**Exercise**
Every line of the material that mentions the word "Antartika" should be copied out.
::: Source information
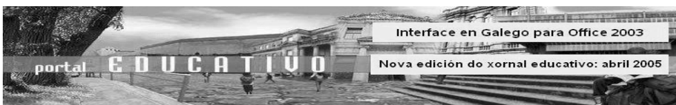
Portal educativo de Galicia.
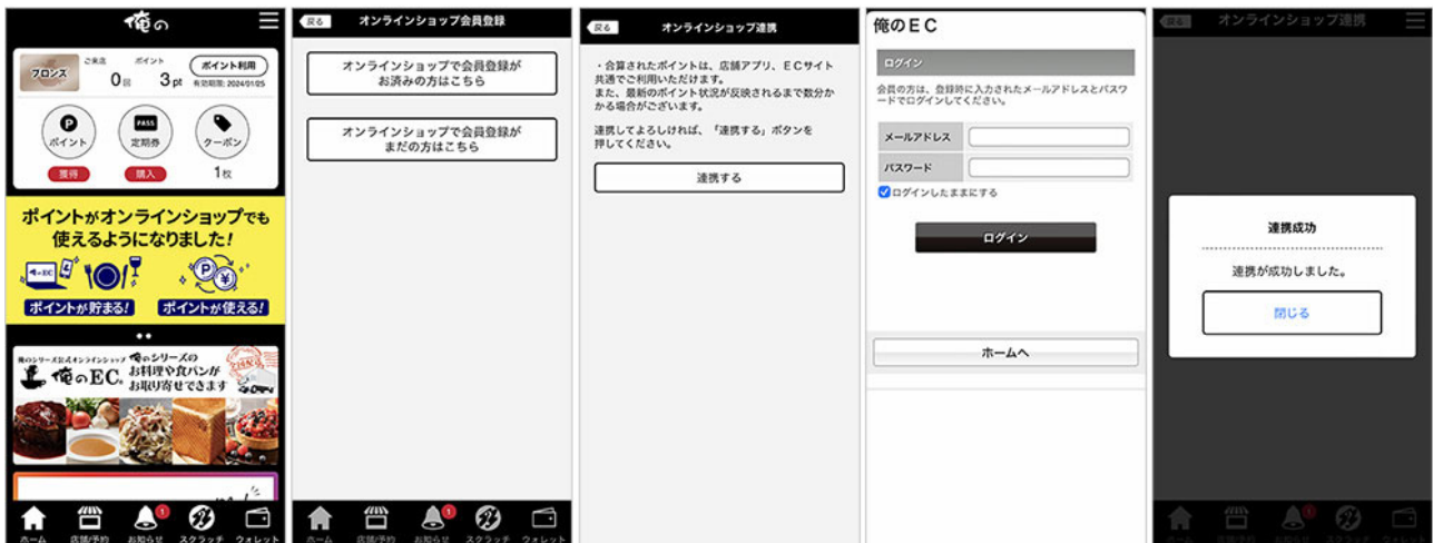
図1 『俺のアプリ』と『俺の EC』の連携画面

ポイントの共通化により、店舗利用で貯めたポイントをネットショップで使用したり、ネットショップで貯めたポイントを店舗で利用可能なクーポンに引き換えることができるなど、顧客接点の拡大が期待されます。
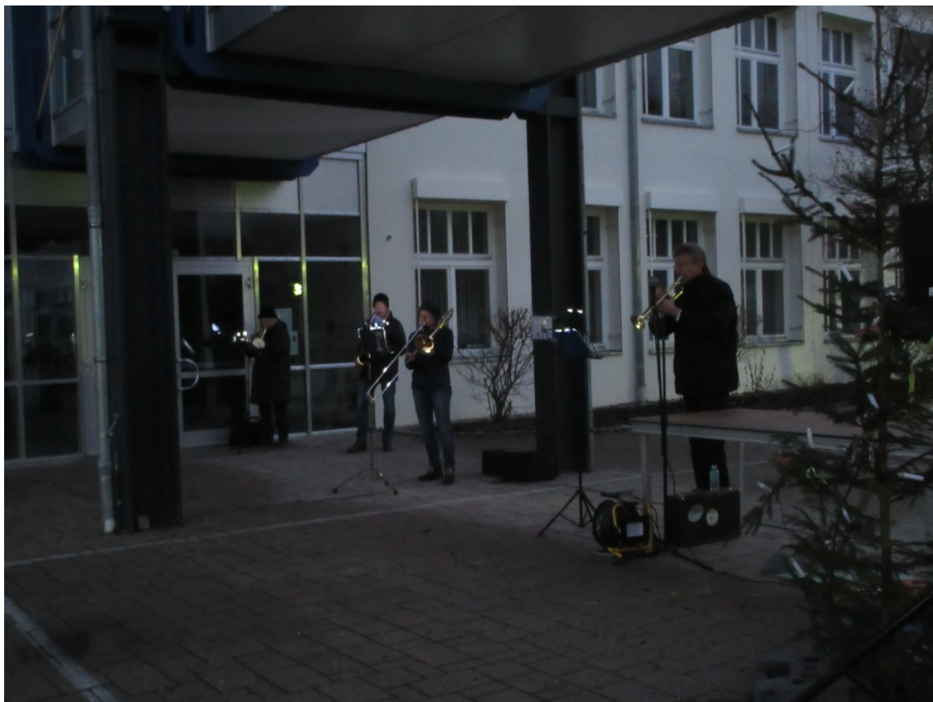
Einige Bläser lassen dezent Weihnachtslieder anklingen.
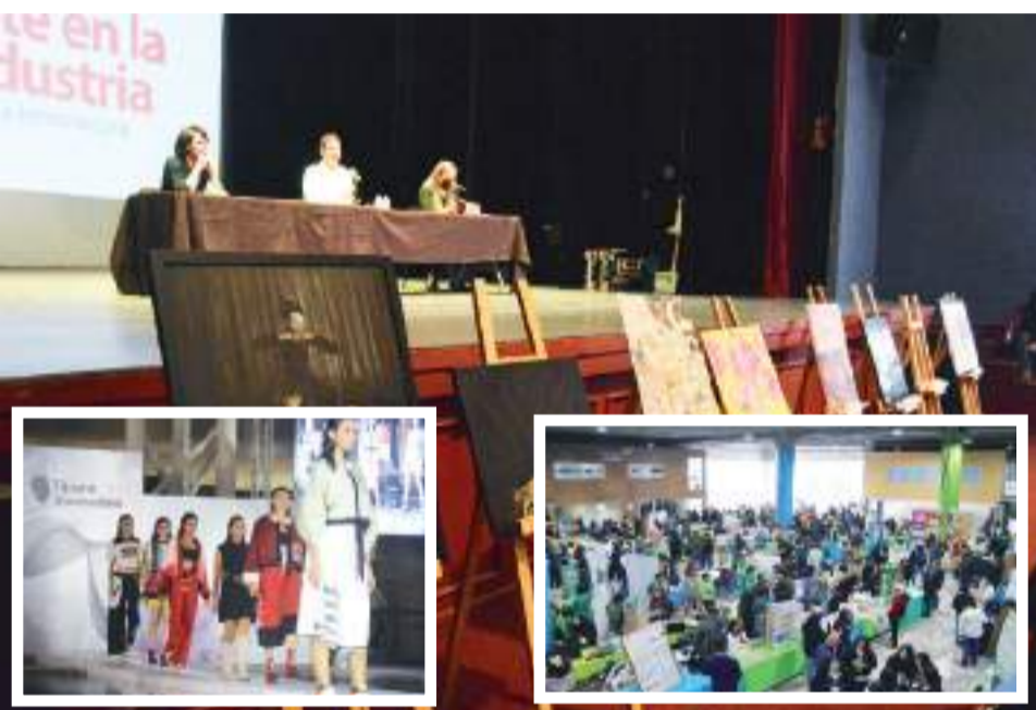
TIJUANA.- En Tijuana Innovadora 2024 también se efectuará el Paseo de la Fama en el cual galardonará a aquellos tijuanaenses que han destacado en el plano internacional.

Mencionó que este partido se lo ha dado todo y en su caso, aunque no le den un cargo apoyará a la doctora. “Mi futuro político sigue porque sigo en el partido, aunque a muchos no les guste, he logrado ser un referente del partido”, finalizó.
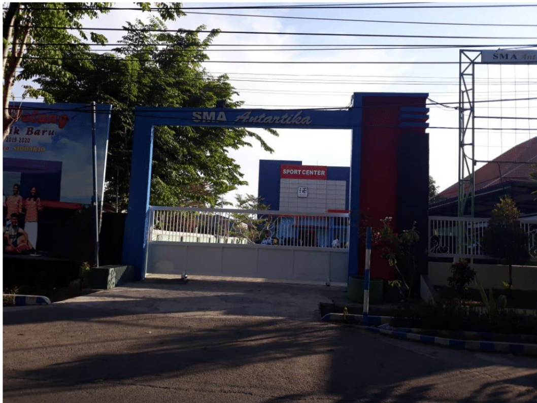
Gambar 2.5 Gedung Serba Guna SMA Antartika Sidoarjo

Tidak hanya memiliki Gedung A dan Gedung B SMA Antartika Sidoarjo juga memiliki Gedung Serba Guna yang digunakan untuk menunjang kegiatan – kegiatan yang diadakan oleh sekolah, dan juga sebagai prasarana yang biasa digunakan untuk olahraga yang diberi nama sport center.
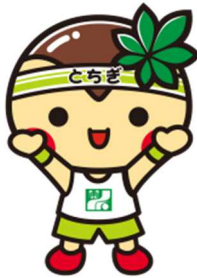
Tochimarukun
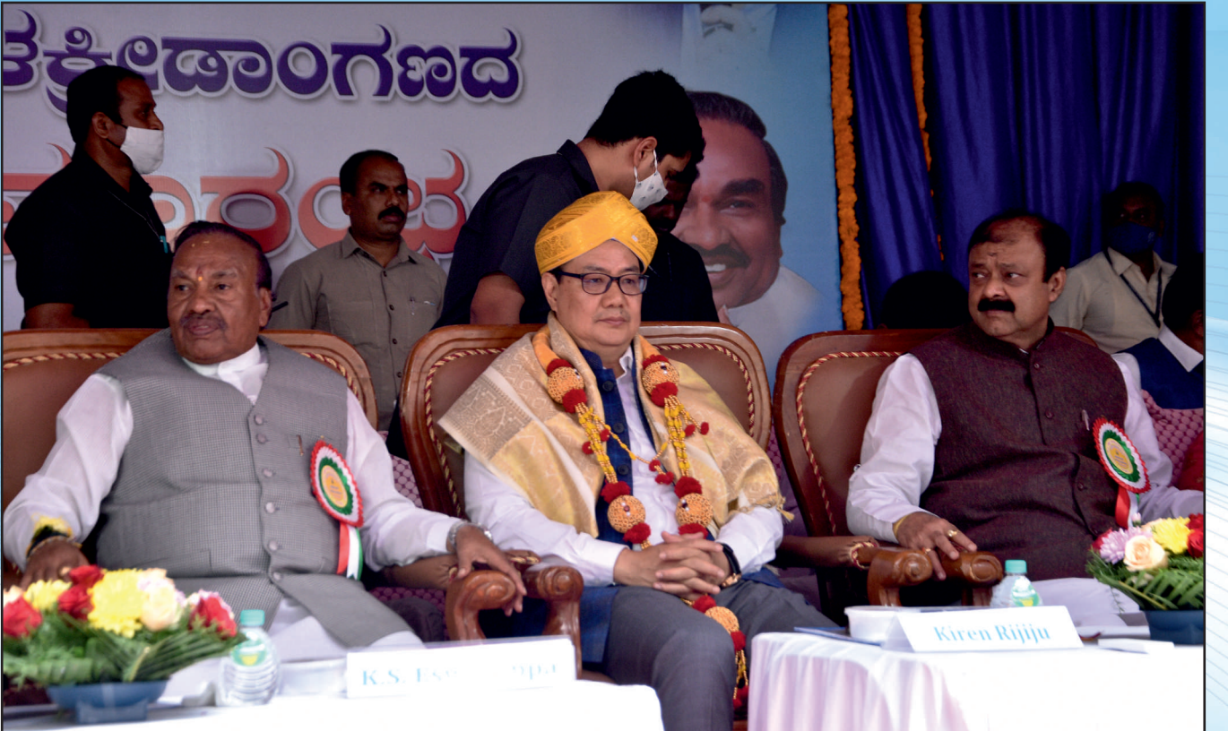
ಸಹ್ಯಾದ್ರಿ ಕಾಲೇಜಿನ ಒಳಕ್ರೀಡಾಂಗಣದ ಶಿಲಾನ್ಯಾಸ ಸಮಾರಂಭ
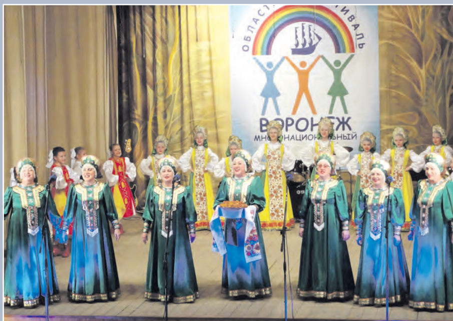
Вокальный ансамбль «Аннушка» — визитная карточка района
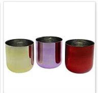
Plated and Painting Glass Candle Holder
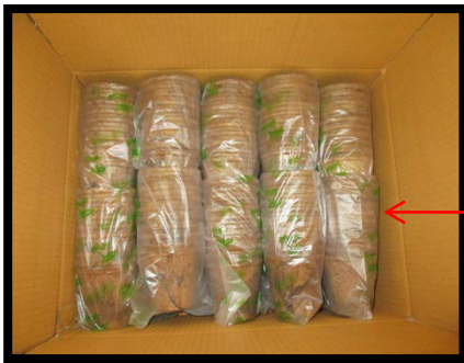
บรรจุ 2 ชั้น ชั้นละ 10 แพ็ค
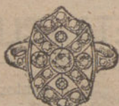
Núm. 20.—Cinco brillantes y diamantes. Pesetas 375.
::::::
**Exercise output**
Gambar 2.5 Gedung Serba Guna SMA Antartika Sidoarjo
Tidak hanya memiliki Gedung A dan Gedung B SMA Antartika Sidoarjo juga memiliki Gedung Serba Guna yang digunakan untuk menunjang kegiatan – kegiatan yang diadakan oleh sekolah, dan juga sebagai prasarana yang biasa digunakan untuk olahraga yang diberi nama sport center.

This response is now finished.